The Belgium Game In Context
Spain led through Fabian Ruiz’s 30th-minute strike before Charles De Ketelaere headed Belgium level from a Timothy Castagne cross. Thibaut Courtois, denying Yamal himself with a smart save earlier in the game, was forced off injured in the 71st minute and replaced by Senne Lammens, who spilled Pau Cubarsi’s shot into the path of Merino for the winner two minutes from time.
Spain remain unbeaten in 37 matches stretching back to March 2023, a run that now takes in a European Championship and a run to the World Cup semi-finals. Yamal has been a constant selection through that stretch even in the spells when his end product has lagged behind his reputation.
Rodri has offered a template for how a superstar can carry a team without dominating the headlines every night. The Spain captain made 62 line-breaking passes in the tournament’s final third against Belgium, equalling a record set by Germany’s Toni Kroos in 2014, doing so through control and positioning rather than the eye-catching moments that follow Yamal. It is the kind of contribution Merino pointed to when he described Spain’s collective as the team’s greatest strength.

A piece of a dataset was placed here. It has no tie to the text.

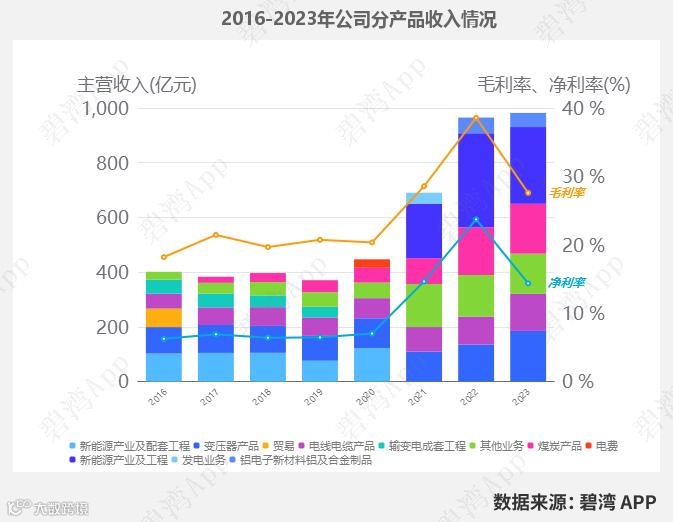 2023年公司的营收主要由以下三块构成,分别为新能源产业及工程、变压器产品、煤炭产品。

The Stage Is Set Against France
Spain now travel to Texas to face France, built around Kylian Mbappe’s seven goals this tournament, a return that has taken him to 19 in 19 World Cup appearances overall. Ousmane Dembele and Michael Olise complete an attacking trio that has troubled every defence it has faced, with Desire Doue and Bradley Barcola competing for a fourth forward spot. Olise and Barcola both sit one booking away from a suspension that would rule them out of a final appearance. In midfield, 25-year-old Manu Kone has emerged from relative obscurity to anchor the French engine room, his composed performances catching the eye of Europe’s leading clubs through this tournament.
Azpilicueta’s message carried a clear implication heading into that game. Yamal’s dribbling and movement have kept defences occupied through five matches, but a semi-final against the tournament favourites is the kind of stage where his end product needs to catch up with his influence. Spain have found ways to win without him finishing off the highlight reel himself, from Merino’s late intervention against Portugal to his second act against Belgium. Against France, De la Fuente’s side will need their most gifted teenager to start doing that finishing himself.
There is a symmetry in the timing. Yamal turns 19 in the days around the final, meaning he could mark the milestone either lifting the trophy or watching it lifted by somebody else. A standout display against France would settle any lingering questions about his tournament in a single evening.
Azpilicueta pitched his comments as encouragement rather than criticism, careful to note Yamal’s constant threat even without end product to show for it. Whether that reading holds depends largely on what happens in Texas. Spain have shown throughout this tournament that they do not need their most gifted attacker to be their best player every night. A World Cup semi-final places different demands on a team, and different demands on a teenager who has spent two years being told he is the best in the world.
Merino’s own view offers Yamal some cover heading into the biggest match of his career so far. A collective that has already produced winners from a substitute, a centre-back and a converted forward does not need one player carrying every expectation alone. It just needs Yamal to keep doing what he does best, and for the finishing that has so far eluded him to arrive at the moment Spain need it most.
For a player who has been compared to Spain’s greatest attacking talents from the age he was still worrying about missing his own curfew, the request is a simple one: keep creating the chances, but start finishing more of them too. Spain have one more game to find out whether their teenager can do both when it counts most.